You might choose to follow the South Beach Diet because you:

  • Enjoy the types and amounts of food featured in the diet.
  • Want a diet that restricts some carbs and fats to help you lose weight.
  • Want to change your overall eating habits.
  • Want a diet you can try to stick with for life.
  • Like the related South Beach Diet products, such as cookbooks and diet foods.

Check with your healthcare professional or a dietitian before you start any weight-loss diet. This is key if you have any health conditions or concerns.

Diet details

The South Beach Diet features foods that have lean protein, healthy fats and some carbs. The diet mainly includes healthy carbs that give the body steady energy. These are called complex carbs. The body digests complex carbs slowly. Then the carbs turn into sugar that slowly moves into the bloodstream. This sugar is called glucose. It gives the body fuel.

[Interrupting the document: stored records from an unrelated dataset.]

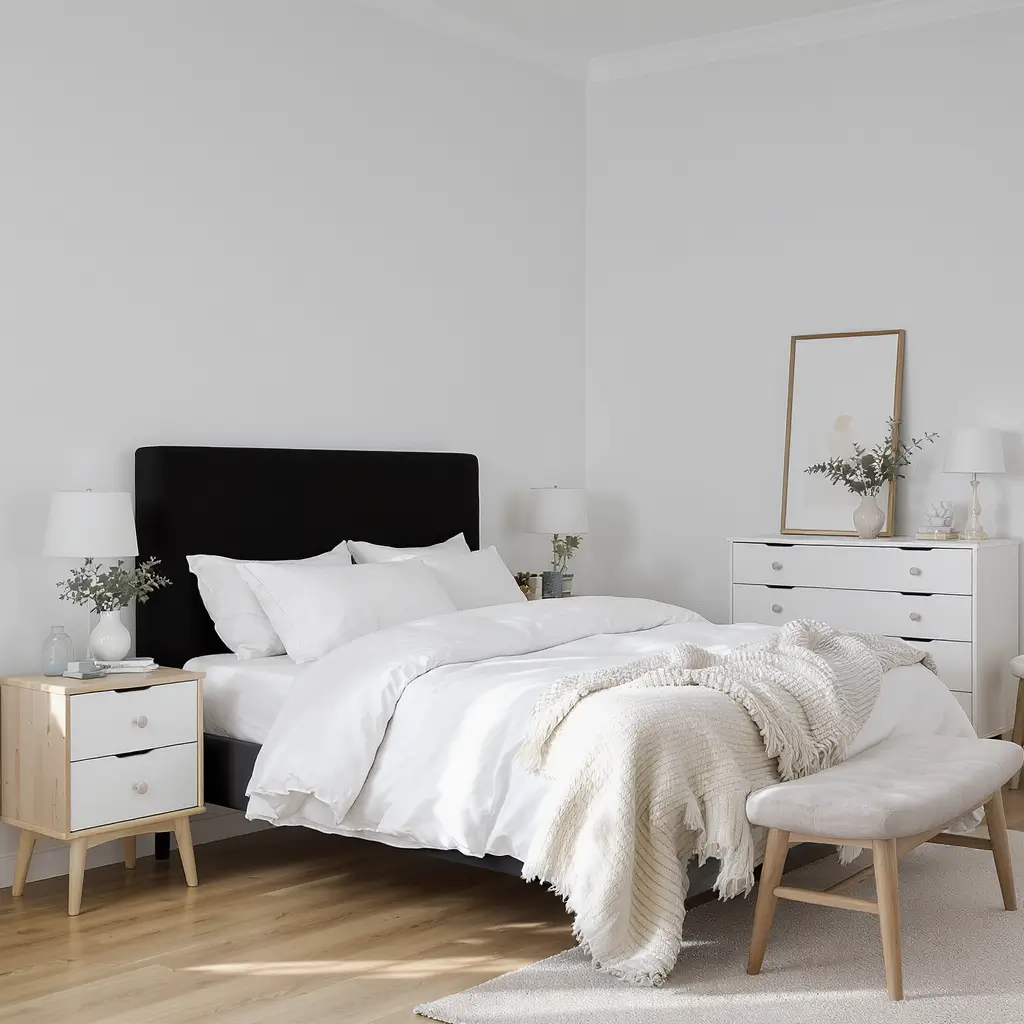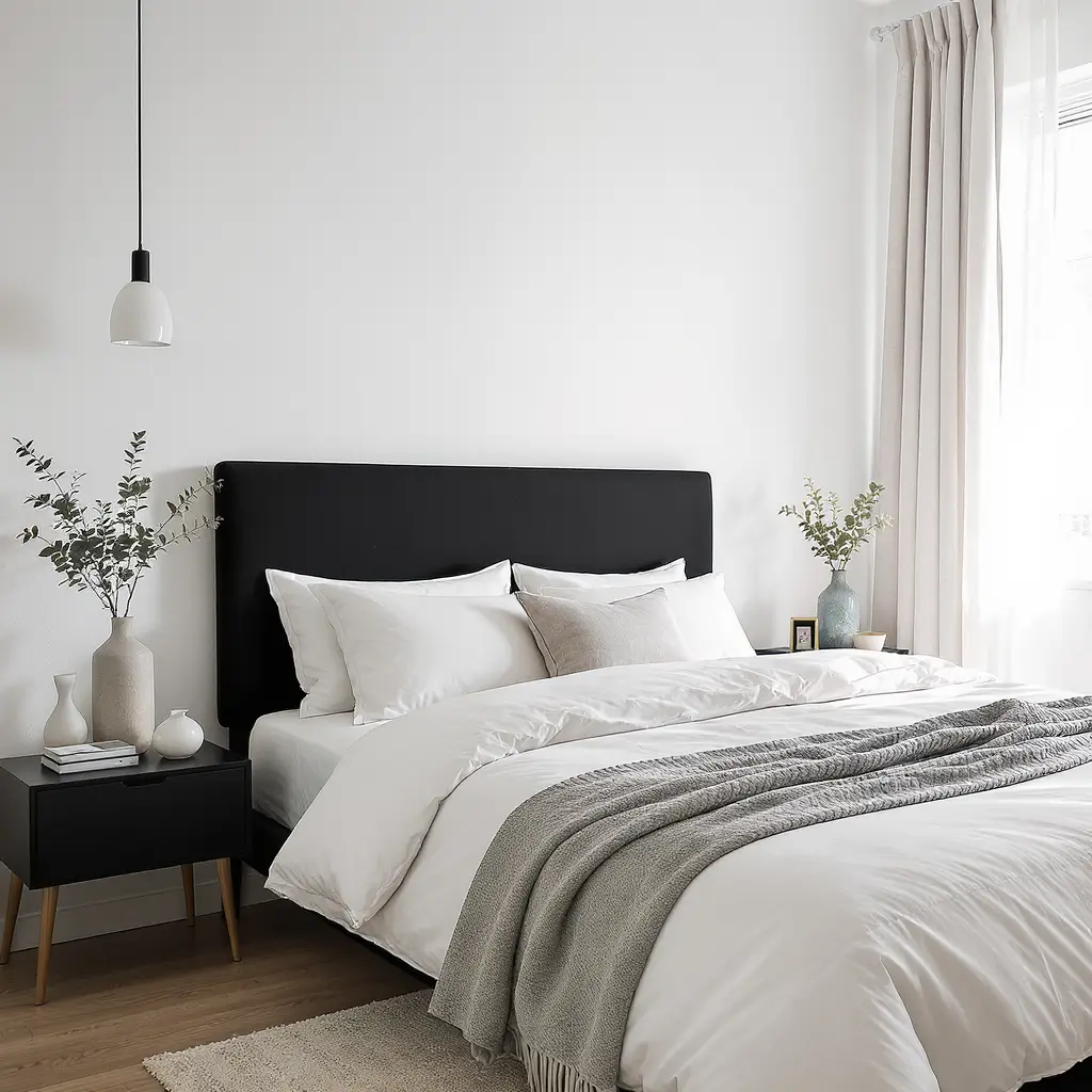 - Texture Over Contrast: Since you’re not relying on color contrast, texture is everything. Pair your black headboard (velvet or dark wood are great choices) with linen bedding, a chunky knit throw, and a plush rug.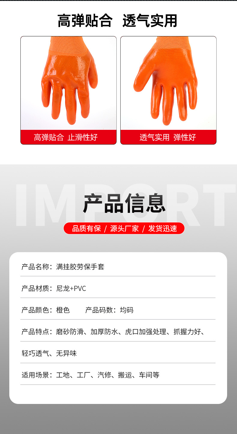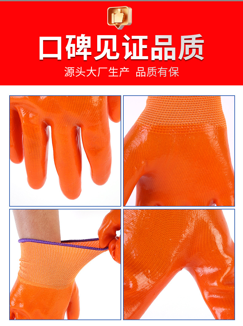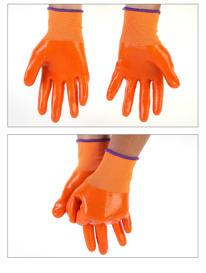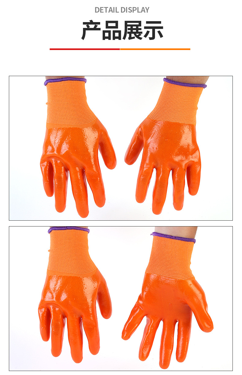 도매 풀코팅 PVC 함침 작업용 장갑 오렌지색 내유성 무광 미끄럼 방지 장갑 산업용 안전 장갑스토어 가기
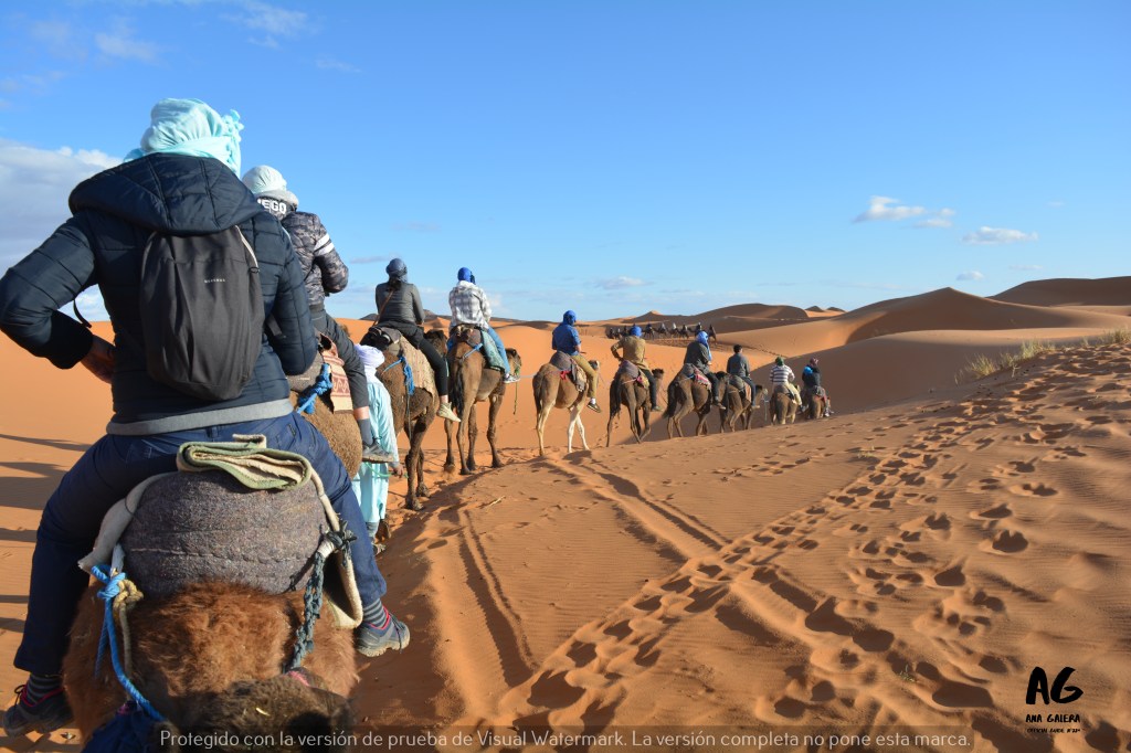 La llegada al pueblo de Merzouga a media tarde nos permitió disfrutar de una temperatura muy agradable y un ligero viento. Por fin, pisamos el desierto. Tras descargar nuestras mochilas, nos prepararon para lo que sería, sin duda, otro de los momentos más increíbles. El paseo en dromedario por esta zona del desierto de Sáhara es experiencia inolvidable.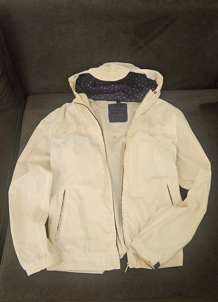 Erkek beyaz midi boy kapüşonlu yağmurluk, bol kesim, uzun kollu ve fermuarlı. Sentetik kumaştan, günlük açık hava kullanımı için uygundur. ️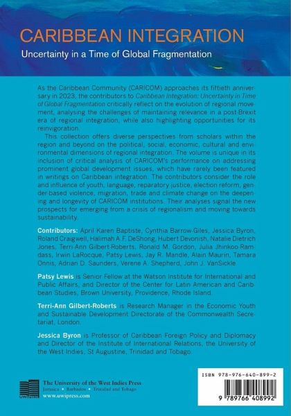 As the Caribbean Community (CARICOM) approaches its fiftieth anniversary in 2023, the contributors to Caribbean Integration: Uncertainty in Time of Global Fragmentation critically reflect on the evolution of regional movement, analysing the challenges of maintaining relevance in a post-Brexit era of regional integration, while also highlighting opportunities for its reinvigoration. This collection offers diverse perspectives from scholars within the region and beyond on the political, social, economic, cultural and environmental dimensions of regional integration. The volume is unique in its inclusion of critical analysis of CARICOM's performance on addressing prominent global development issues, which have rarely been featured in writings on Caribbean integration. The contributors consider the role and influence of youth, language, reparatory justice, election reform, gender-based violence, migration, trade and climate change on the deepening and longevity of CARICOM institutions. Their analyses signal the new prospects for emerging from a crisis of regionalism and moving towards sustainability. Contributors: April Karen Baptiste, Cynthia Barrow-Giles, Jessica Byron, Roland Craigwell, Halimah A.F. DeShong, Hubert Devonish, Natalie Dietrich Jones, Terri-Ann Gilbert-Roberts, Ronald M. Gordon, Julia Jhinkoo-Ramdass, Irwin La Rocque, Patsy Lewis, Jay R. Mandle, Alain Maurin, Tamara Onnis, Adrian D. Saunders, Verene A. Shepherd, John J. VanSickle Patsy Lewis is Senior Fellow at the Watson Institute for International and Public Affairs, and Director of the Center for Latin American and Caribbean Studies, Brown University, Providence, Rhode Island. Terri-Ann Gilbert-Roberts is Research Manager in the Economic Youth and Sustainable Development Directorate of the Commonwealth Secretariat, London. Jessica Byron is Professor of Caribbean Foreign Policy and Diplomacy and Director of the Institute of International Relations, the University of the West Indies, St Augustine, Trinidad and Tobago.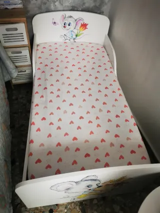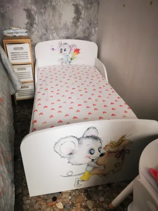 Cama infantil 70×160 con un diseño encantador y original, perfecta para habitaciones de niños. - Dibujos de ratones y flores. - Estructura blanca. - Incluye colchón. -Un cajón con ruedas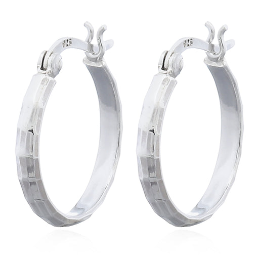 Sterling zilver 925 oorringen met diamond cut bewerking. Diameter oorring: 18 mm Materiaal: Sterling zilver 925 Afwerking: E-coat Verpakt i...
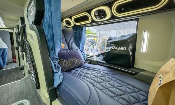 Seluruh kursi pada dek atas sudah dilengkapi dengan jok berukuran jumbo, AVOD, port USB, stop kontak, dan meja makan. Bus ini juga akan dilayani dengan pramugari yang siap memanjakan penumpang sepanjang perjalanan.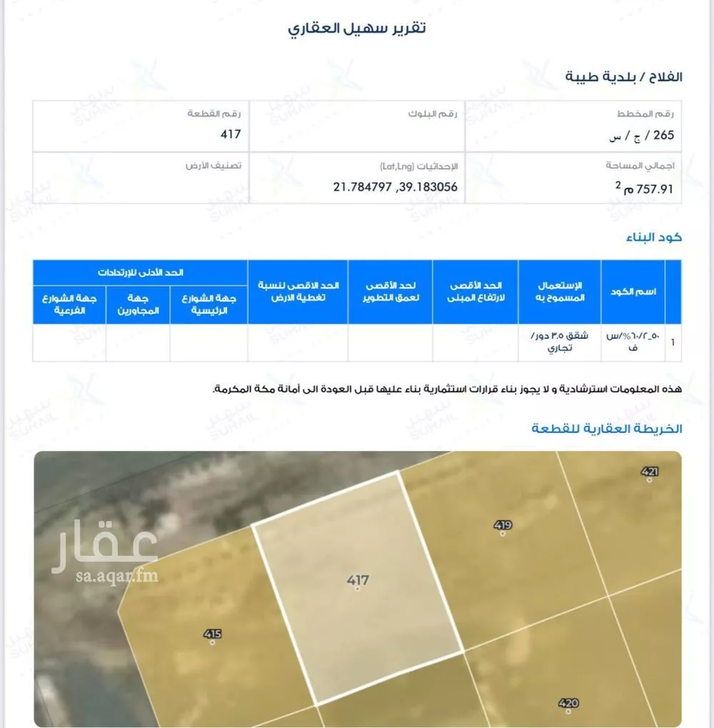 Land·Aqar309 ㎡면적이 정확하지 않을 수 있음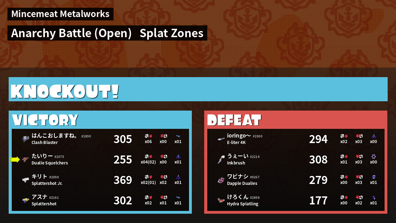 | Mode | Splat Zones - Anarchy Battle (Open) | ||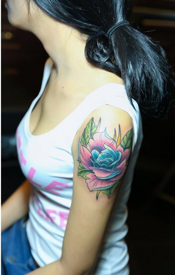 个性时尚大臂漂亮好看的玫瑰花纹身图图片

The South Beach Diet includes complex carbs such as:

  • Fruit and vegetables.
  • Whole grains such as bulgur and quinoa, and whole-wheat bread, rice or pasta.
  • Beans, peas and lentils.

The South Beach Diet limits carbs that give the body a short burst of energy. These are called simple carbs. They tend to have less nutrition than complex carbs. And too many simple carbs can lead to weight gain. Some foods that are high in simple carbs include:

  • Candy and baked goods.
  • Honey, molasses and syrup.
  • Regular soda.
  • Sugar.
  • Cereal that's made with refined grains rather than whole grains.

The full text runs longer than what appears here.